If the variable does not exists, it might be created and initialized (see init_variable below)

Parameters
  • name (string) – a name of the variable

  • create (bool) – whether to create a variable if it does not exist. Default is False.

  • args – parameters for init_variable() if create is True.

  • kwargs – parameters for init_variable() if create is True.

Returns

Return type

a value of the variable

Raises

KeyError

has_variable(name)[source]

Check if a variable exists

Parameters

name (str) – a name of the variable

Returns

Return type

True if the variable exists

import_model(name, source)[source]

Import a model from another pipeline

Parameters
  • name (str) – a name with which the model is stored in this pipeline

  • source – a model or a pipeline to import from

Examples

Import a model instance to the pipeline:

pipeline.import_model('my-model', custom_resnet_model)

Import ‘resnet’ model from train_pipeline and store it in the pipeline under the name ‘my-model’:

pipeline.import_model('my-model', train_pipeline.m('resnet'))

Import ‘my-model’ from train_pipeline and store it as ‘my-model’ in the pipeline:

pipeline.import_model('my-model', train_pipeline)
property index

Return index of the source dataset

property indices

Return the sequence of indices of the source dataset

init_lock(name='lock', **kwargs)[source]

Create a lock as a pipeline variable

Parameters

name (string) – a lock name

Returns

Return type

self - in order to use it in the pipeline chains

Examples

>>> pp = dataset.p
            .init_lock("model_update")
init_model(name, model_class=None, mode='dynamic', config=None, source=None)[source]

Initialize a static or dynamic model by building or importing it

Parameters
  • name (str) – a name for the model (to refer to it later when training or infering).

  • model_class (class or named expression) – a model class (might also be specified in the config).

  • mode ({'static', 'dynamic'}) – model creation mode: - static - the model is created right now, during the pipeline definition - dynamic - the model is created at the first iteration when the pipeline is run (default)

  • config (dict or Config) – model configurations parameters, where each key and value could be named expressions.

  • source – a model or a pipeline to import from

Examples

Build a model:

pipeline.init_model('my-model', MyModel, 'static')

Import a model:

pipeline.init_model('my-model', source=train_pipeline)

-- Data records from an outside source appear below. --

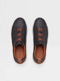 The black deerskin Triple Stitch™ sneakers' super soft, high-quality material gives them a unique and distinguished appearance. INFO The black deerskin Triple Stitch™ low-top sneakers are mounted on an extra-light, white rubber sole. The brand’s signature triple-crossed elastic detail ensures an easy slip-on fit, while evoking the traditional hand-stitching of tailored jackets to symbolize and honor Zegna’s legacy of fine craftsmanship. Foliage-colored leather lining and the Zegna 232 Road Brand Mark complete the design. PRODUCT CODE LHCVO-S4667Z-SNE MATERIALS AND CARE Deerskin Clean with a soft cloth. Avoid contact with abrasives, water and substances containing alcohol, such as perfumes, solvents, etc. In case of contact with water, it is important to let the footwear dry completely before cleaning. Clean the rubber soles with a product specifically designed for cleaning rubber. Store in the included dust bag in a cool, dry place. FIT AND PRODUCT DETAILS • Crossed elastics • Zegna 232 Road Brand Mark • Foliage-colored leather lining • Extra-light white rubber sole • Sanitized® removable footbed • Made in Italy • Comes with a shoe bag We want every pair of Triple Stitch™ sneakers to fit perfectly anytime, anywhere, anyplace. To find your perfect fit, we recommend going down a half-size compared to your usual shoe size. Please note that Zegna uses UK sizing. For further information, please contact us via our customer service channels or by visiting the nearest Zegna flagship store.
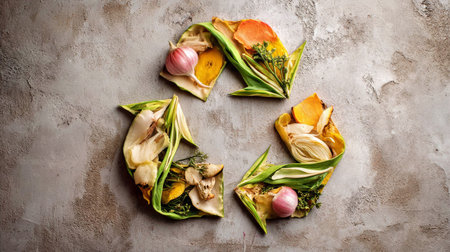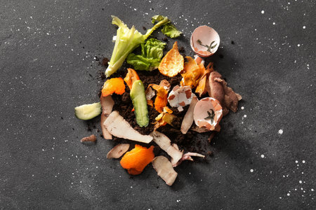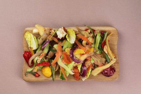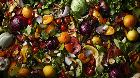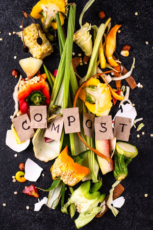 Colorful organic kitchen waste arranged on a dark surface. Fresh vegetable scraps, peels, and herbs symbolize sustainability and eco-friendly practices for composting.
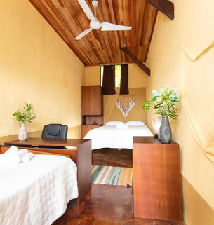 Our two Cabinas offer an intimate getaway space surrounded by jungle canopy and permaculture gardens. Their design is inspired by the region's traditional architecture, including hand-carved details and locally sourced materials.
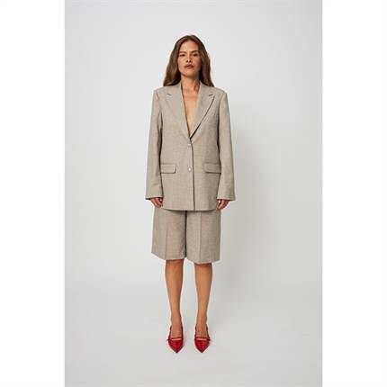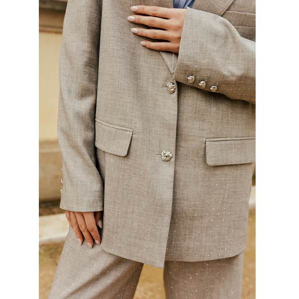 Dianacras Blazer er et uundværligt element i garderoben, hvor klassisk skrædderarbejde forenes med et subtilt strejf af glamour. Blazeren er designet med en oversized pasform, der skaber et afslappet og moderne udtryk, og er fuldendt med elegante sølvfarvede knapper samt fine rhinsten, som løfter helhedsindtrykket. Den kan bæres som del af et komplet sæt med de matchende Vilenacras Shorts eller styles over et eksisterende outfit for et sikkert og stilfuldt udtryk.

Build a model with a config:

pipeline
  .init_variable('images_shape', [256, 256])
  .init_model('my_model', MyModel, 'static', config={'input_shape': V('images_shape')})

pipeline
  .init_variable('shape_name', 'images_shape')
  .init_model('my_model', C('model'), 'dynamic', config={V('shape_name'): B('images_shape')})
init_variable(name, default=None, lock=True, **kwargs)[source]

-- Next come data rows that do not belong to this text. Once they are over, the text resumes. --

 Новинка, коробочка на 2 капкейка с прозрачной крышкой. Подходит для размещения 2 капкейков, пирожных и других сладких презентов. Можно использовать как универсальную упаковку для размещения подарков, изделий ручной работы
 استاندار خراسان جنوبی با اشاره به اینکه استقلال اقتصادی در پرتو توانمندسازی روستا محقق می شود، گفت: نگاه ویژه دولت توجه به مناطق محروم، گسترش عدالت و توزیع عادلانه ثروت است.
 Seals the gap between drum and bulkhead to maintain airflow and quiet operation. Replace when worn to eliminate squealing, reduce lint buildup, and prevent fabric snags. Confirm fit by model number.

Create a variable if not exists. If the variable exists, does nothing.

Parameters
  • name (string) – a name of the variable

  • default – an initial value for the variable set when pipeline is created

  • lock (bool) – whether to lock a variable before each update (default: True)

Returns

Return type

self - in order to use it in the pipeline chains

Examples

>>> pp = dataset.p.
            .init_variable("iterations", default=0)
            .init_variable("accuracy", 0)
            .init_variable("loss_history", [])
            .load('/some/path', fmt='blosc')
            .train_resnet()
init_variables(*variables)[source]

Create several variables

Parameters

variables (dict or tuple) – if tuple, contains variable names which will have None as default values if dict, then mapping from variable names to values and init params (see init_variable())

Returns

Return type

self - in order to use it in the pipeline chains

Examples

>>> pp = dataset.p
            .init_variables({"loss_history": dict(default=[]),
                             "predictions", dict(default=[])})
            .init_variables("metrics", "counter", "worst_prediction")
            .load('/some/path', fmt='blosc')
            .train_resnet()
is_method_from_ns(name)[source]
join(*pipelines)[source]

Join one or several pipelines

load_model(name, model_class=None, mode='dynamic', *args, **kwargs)[source]

Load a model at each iteration

Parameters
  • name (str) – a name for the model (to refer to it later when training or infering).

  • model_class (class or named expression) – a model class (might also be specified in the config).

  • mode ({'static', 'dynamic'}) – model creation mode: - static - the model is created right now, during the pipeline definition - dynamic - the model is created at the first iteration when the pipeline is run (default)

  • args – model-specific parameters (like paths, formats, etc)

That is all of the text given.